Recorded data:
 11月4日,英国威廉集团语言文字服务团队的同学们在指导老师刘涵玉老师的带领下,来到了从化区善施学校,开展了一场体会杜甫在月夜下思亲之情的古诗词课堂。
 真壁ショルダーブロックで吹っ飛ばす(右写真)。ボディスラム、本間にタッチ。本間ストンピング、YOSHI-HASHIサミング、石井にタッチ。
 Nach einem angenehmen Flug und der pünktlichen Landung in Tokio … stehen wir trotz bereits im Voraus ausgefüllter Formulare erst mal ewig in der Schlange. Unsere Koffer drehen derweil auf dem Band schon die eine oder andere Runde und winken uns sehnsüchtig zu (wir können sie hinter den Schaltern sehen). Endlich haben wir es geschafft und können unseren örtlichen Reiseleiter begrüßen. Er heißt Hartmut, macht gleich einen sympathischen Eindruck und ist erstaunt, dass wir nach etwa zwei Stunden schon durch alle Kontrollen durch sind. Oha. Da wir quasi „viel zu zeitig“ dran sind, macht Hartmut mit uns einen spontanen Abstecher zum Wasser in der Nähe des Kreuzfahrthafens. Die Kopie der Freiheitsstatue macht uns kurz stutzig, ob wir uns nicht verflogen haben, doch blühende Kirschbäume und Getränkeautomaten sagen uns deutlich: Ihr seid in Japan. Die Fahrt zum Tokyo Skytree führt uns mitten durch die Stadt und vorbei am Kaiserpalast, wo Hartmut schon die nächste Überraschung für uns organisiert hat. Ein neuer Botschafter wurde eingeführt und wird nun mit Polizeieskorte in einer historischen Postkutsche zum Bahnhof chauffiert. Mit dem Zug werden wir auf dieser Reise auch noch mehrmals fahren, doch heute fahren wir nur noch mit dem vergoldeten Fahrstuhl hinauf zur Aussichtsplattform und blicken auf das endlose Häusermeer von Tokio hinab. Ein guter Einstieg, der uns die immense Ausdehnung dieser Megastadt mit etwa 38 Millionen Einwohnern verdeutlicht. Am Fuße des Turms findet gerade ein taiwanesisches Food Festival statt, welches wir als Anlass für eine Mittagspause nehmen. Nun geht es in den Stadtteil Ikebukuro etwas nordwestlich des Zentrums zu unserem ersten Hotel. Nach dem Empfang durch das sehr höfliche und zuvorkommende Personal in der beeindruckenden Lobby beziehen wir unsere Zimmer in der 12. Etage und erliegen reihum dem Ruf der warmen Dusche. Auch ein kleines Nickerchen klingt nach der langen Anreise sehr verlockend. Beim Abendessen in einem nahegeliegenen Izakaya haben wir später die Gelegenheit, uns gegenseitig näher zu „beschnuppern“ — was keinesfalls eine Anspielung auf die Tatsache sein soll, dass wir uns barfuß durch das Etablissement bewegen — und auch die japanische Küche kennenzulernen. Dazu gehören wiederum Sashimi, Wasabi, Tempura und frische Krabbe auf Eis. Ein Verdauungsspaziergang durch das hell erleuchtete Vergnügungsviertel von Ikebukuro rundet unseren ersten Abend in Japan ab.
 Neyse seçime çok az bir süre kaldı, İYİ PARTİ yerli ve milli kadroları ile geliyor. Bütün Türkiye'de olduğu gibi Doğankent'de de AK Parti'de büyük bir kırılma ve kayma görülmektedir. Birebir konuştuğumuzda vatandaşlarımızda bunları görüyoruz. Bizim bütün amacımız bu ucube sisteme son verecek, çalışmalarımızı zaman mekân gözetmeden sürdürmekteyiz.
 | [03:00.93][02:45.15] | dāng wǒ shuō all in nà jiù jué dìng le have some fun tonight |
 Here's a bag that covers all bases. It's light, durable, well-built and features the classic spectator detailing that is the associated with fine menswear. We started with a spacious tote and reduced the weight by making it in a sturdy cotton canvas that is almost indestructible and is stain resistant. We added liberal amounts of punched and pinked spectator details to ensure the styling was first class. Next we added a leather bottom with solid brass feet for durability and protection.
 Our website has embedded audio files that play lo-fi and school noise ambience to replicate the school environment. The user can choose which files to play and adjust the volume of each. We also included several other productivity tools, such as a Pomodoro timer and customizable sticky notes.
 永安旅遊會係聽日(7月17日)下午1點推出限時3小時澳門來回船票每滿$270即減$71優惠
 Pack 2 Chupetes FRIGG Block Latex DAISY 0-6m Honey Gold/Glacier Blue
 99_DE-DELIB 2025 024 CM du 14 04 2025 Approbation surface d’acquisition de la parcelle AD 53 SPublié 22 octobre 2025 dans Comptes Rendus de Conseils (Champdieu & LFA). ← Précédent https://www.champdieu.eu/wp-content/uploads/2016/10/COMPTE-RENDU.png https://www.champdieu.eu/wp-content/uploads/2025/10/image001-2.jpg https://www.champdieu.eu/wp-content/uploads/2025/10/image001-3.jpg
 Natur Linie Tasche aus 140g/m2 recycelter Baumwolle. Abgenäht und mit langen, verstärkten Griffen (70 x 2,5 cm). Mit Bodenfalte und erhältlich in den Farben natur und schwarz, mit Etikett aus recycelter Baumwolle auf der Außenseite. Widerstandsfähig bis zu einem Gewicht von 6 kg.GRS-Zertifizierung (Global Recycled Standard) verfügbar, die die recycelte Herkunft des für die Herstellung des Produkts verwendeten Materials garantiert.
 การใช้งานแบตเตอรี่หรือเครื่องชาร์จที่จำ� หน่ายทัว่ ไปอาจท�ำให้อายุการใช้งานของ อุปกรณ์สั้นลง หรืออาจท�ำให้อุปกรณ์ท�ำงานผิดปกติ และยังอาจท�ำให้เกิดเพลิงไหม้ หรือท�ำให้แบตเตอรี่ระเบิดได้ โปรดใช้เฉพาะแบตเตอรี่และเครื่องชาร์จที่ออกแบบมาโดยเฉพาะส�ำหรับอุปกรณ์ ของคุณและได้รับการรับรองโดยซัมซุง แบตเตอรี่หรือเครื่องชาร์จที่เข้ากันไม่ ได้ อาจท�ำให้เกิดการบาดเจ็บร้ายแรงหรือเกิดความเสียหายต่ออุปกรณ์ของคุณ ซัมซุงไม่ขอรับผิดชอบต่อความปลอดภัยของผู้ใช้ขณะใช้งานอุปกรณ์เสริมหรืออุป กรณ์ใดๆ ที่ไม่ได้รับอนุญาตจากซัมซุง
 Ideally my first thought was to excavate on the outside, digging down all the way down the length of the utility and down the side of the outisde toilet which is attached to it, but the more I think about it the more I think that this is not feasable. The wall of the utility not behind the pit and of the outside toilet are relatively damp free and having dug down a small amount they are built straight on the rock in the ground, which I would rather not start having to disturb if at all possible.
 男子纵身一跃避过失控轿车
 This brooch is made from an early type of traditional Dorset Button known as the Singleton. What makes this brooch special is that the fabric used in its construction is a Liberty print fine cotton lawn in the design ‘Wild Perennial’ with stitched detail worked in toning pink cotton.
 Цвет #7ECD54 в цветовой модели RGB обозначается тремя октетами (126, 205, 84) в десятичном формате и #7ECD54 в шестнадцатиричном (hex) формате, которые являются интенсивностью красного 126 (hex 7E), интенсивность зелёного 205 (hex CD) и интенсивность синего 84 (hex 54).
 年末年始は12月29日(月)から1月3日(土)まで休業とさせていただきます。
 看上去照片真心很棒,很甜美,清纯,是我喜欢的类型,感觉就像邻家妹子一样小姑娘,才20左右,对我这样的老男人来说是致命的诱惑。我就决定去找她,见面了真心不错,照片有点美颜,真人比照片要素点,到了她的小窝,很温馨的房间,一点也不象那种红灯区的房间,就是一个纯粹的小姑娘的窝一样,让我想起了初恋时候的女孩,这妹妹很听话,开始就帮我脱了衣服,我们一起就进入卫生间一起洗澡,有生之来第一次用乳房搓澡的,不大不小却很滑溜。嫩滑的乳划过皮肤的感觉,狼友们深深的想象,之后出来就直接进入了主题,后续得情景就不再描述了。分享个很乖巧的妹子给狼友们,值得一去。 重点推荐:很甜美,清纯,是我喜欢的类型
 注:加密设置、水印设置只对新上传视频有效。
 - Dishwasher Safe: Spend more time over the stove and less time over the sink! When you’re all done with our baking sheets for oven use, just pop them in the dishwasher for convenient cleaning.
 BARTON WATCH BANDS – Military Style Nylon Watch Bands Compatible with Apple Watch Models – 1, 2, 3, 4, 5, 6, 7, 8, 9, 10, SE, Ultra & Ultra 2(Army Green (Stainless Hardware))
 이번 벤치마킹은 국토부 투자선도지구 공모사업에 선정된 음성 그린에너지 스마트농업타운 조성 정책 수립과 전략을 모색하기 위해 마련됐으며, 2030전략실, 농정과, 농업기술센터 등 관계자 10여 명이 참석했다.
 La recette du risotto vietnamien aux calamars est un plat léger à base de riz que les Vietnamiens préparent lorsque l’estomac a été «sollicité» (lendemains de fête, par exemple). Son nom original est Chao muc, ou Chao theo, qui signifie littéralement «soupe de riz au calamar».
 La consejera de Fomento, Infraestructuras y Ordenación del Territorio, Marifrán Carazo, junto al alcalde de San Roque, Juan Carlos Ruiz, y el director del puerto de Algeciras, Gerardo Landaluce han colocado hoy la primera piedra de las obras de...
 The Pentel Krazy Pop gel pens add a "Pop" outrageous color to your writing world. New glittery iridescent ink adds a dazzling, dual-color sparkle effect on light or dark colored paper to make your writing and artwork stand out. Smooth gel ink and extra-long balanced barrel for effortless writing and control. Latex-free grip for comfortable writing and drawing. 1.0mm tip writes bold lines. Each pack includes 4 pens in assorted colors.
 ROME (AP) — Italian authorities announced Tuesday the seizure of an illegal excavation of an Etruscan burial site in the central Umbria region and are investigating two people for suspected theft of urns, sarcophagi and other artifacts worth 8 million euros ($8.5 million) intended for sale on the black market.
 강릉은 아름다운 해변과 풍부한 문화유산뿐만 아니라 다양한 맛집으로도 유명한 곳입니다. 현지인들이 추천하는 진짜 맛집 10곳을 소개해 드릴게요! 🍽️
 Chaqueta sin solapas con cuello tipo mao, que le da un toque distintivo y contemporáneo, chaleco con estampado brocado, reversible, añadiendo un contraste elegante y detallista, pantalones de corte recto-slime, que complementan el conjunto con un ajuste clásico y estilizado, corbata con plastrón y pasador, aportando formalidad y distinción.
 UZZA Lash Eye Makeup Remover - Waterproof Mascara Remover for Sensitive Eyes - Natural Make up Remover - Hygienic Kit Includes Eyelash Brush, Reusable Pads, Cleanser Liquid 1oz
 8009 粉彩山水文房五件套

* [Task description]:
In the entries above, find the line with "BARTON WATCH BANDS" and the line with "이번 벤치마킹은 국토부", then restate word for word both of them and every line between, with nothing more.

* [Response for this exercise]:
 BARTON WATCH BANDS – Military Style Nylon Watch Bands Compatible with Apple Watch Models – 1, 2, 3, 4, 5, 6, 7, 8, 9, 10, SE, Ultra & Ultra 2(Army Green (Stainless Hardware))
 이번 벤치마킹은 국토부 투자선도지구 공모사업에 선정된 음성 그린에너지 스마트농업타운 조성 정책 수립과 전략을 모색하기 위해 마련됐으며, 2030전략실, 농정과, 농업기술센터 등 관계자 10여 명이 참석했다.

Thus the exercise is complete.